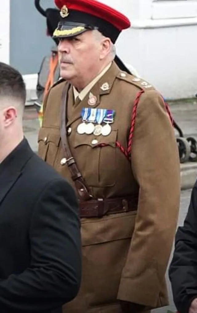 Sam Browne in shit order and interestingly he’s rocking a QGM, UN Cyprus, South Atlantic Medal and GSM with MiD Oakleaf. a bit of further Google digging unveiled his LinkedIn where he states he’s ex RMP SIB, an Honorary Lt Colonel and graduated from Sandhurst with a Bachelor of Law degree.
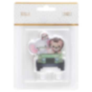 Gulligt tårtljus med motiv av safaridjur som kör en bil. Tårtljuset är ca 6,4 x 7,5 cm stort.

---------------

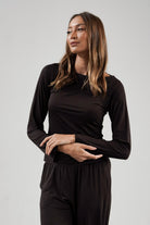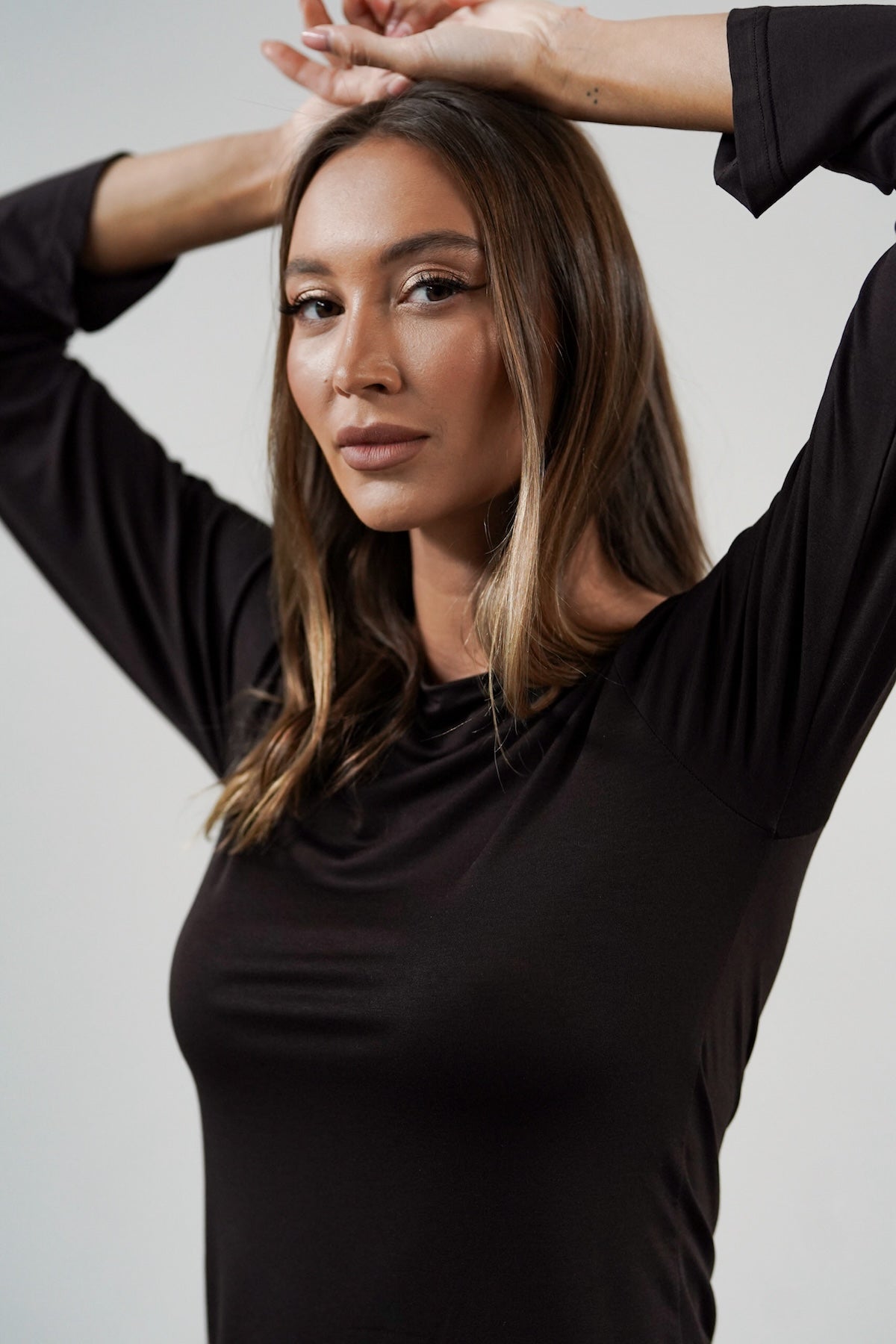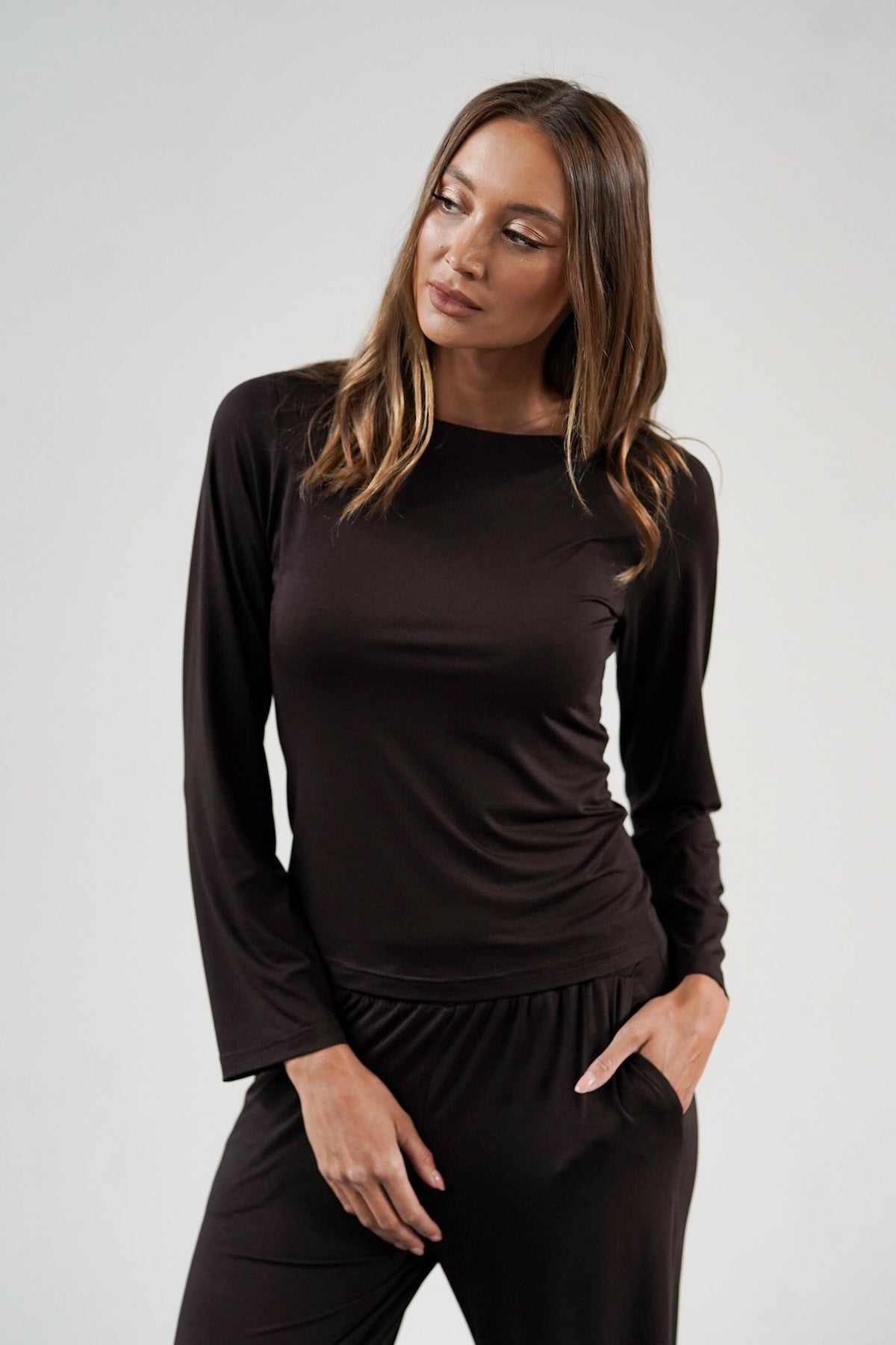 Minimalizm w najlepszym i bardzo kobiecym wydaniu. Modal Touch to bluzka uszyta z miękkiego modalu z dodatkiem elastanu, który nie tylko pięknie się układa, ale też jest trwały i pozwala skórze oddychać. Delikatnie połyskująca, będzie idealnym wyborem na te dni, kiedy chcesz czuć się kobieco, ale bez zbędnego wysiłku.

---------------

▶ About this task: A clean copy is needed of the lines above from the one with "Sam Browne in" up to and including the one with "Gulligt tårtljus med". Please set it down exactly, with no pictures.

▶ Reply to the task:
 Sam Browne in shit order and interestingly he’s rocking a QGM, UN Cyprus, South Atlantic Medal and GSM with MiD Oakleaf. a bit of further Google digging unveiled his LinkedIn where he states he’s ex RMP SIB, an Honorary Lt Colonel and graduated from Sandhurst with a Bachelor of Law degree.
 Gulligt tårtljus med motiv av safaridjur som kör en bil. Tårtljuset är ca 6,4 x 7,5 cm stort.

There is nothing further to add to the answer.